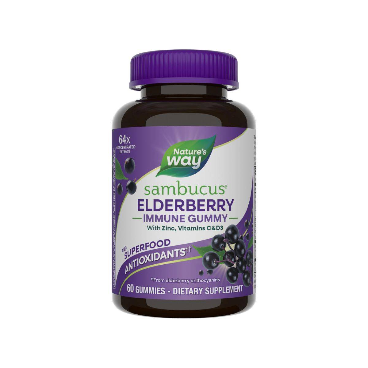 Nature's Way Sambucus Elderberry Gummies are designed for immune support. Each serving contains high-potency vitamin C, vitamin D3, and zinc, along with premium black elderberry extract. These gluten-free, vegetarian gummies are made with plant-based pectin and are free from gelatin, wheat, dairy, egg, peanut, and artificial colors.
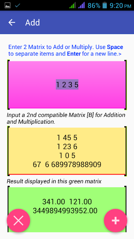 计算的大小仅受您手机的处理器和内存大小的限制。任何尺寸矩阵和任意数量的未知变量的线性方程的变量。
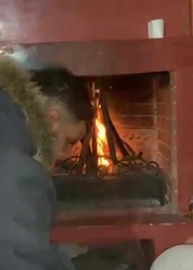 A man wearing a dark hooded coat with fur trim is sitting in front of a brick fireplace. The fireplace contains a small fire with several burning logs arranged in a tent-like formation. The fire is emitting light and flickering flames. The fireplace has a dark metal grate in front of the fire. The wall surrounding the fireplace is painted red. A roll of paper towels is visible on the top of the fireplace surround. A water bottle is sitting on the floor to the right. The man appears to be attending to the fire. Another person is sitting in the lower right corner of the frame, wearing a light-colored jacket.
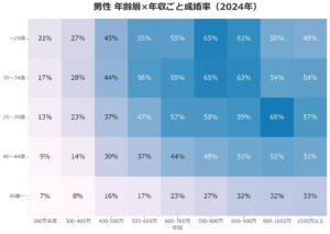 成婚白書2024には、男性の年齢層と年収層ごとの成婚率が詳細に示されています。
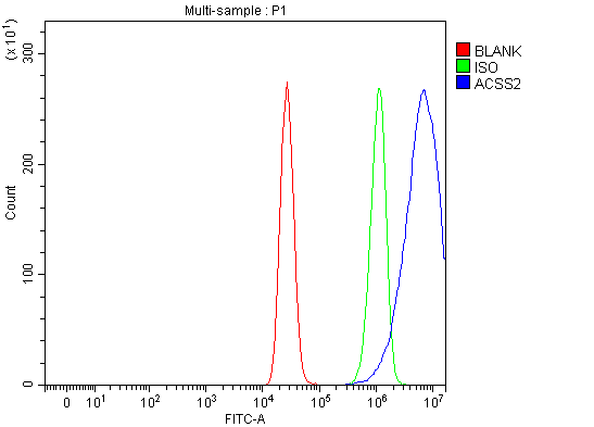 Flow Cytometry analysis of MCF-7 cells using anti-Acetyl CoA synthetase/ACSS2 antibody (A02809-1).
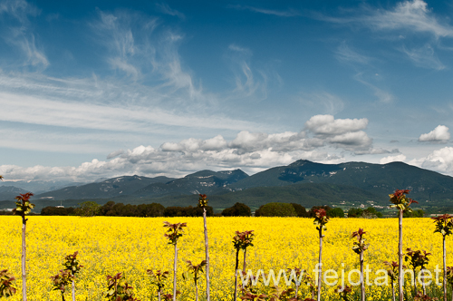 Catalunya Girona Seriny amarillo cielo colza cultivo montaña nubes paisaje rural
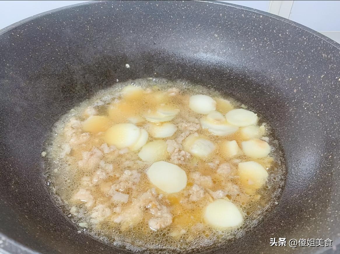 4. 調味燜煮:沿着鍋邊淋入一勺料酒,去腥增香。再加入適量的生抽,給芋頭染上一層漂亮的琥珀色。加一點點鹽和半勺糖提鮮,翻炒均勻後,倒入沒過食材一半的熱水。蓋上鍋蓋,轉小火燜個七八分鐘,讓芋頭徹底變軟,吸飽湯汁的味道。
════════
How to complete this task —
After locating the line that contains "Catalunya Girona Seriny", output it and all later lines through the end of the material exactly, leaving out pictures.

Output of the task —
 Catalunya Girona Seriny amarillo cielo colza cultivo montaña nubes paisaje rural
 4. 調味燜煮:沿着鍋邊淋入一勺料酒,去腥增香。再加入適量的生抽,給芋頭染上一層漂亮的琥珀色。加一點點鹽和半勺糖提鮮,翻炒均勻後,倒入沒過食材一半的熱水。蓋上鍋蓋,轉小火燜個七八分鐘,讓芋頭徹底變軟,吸飽湯汁的味道。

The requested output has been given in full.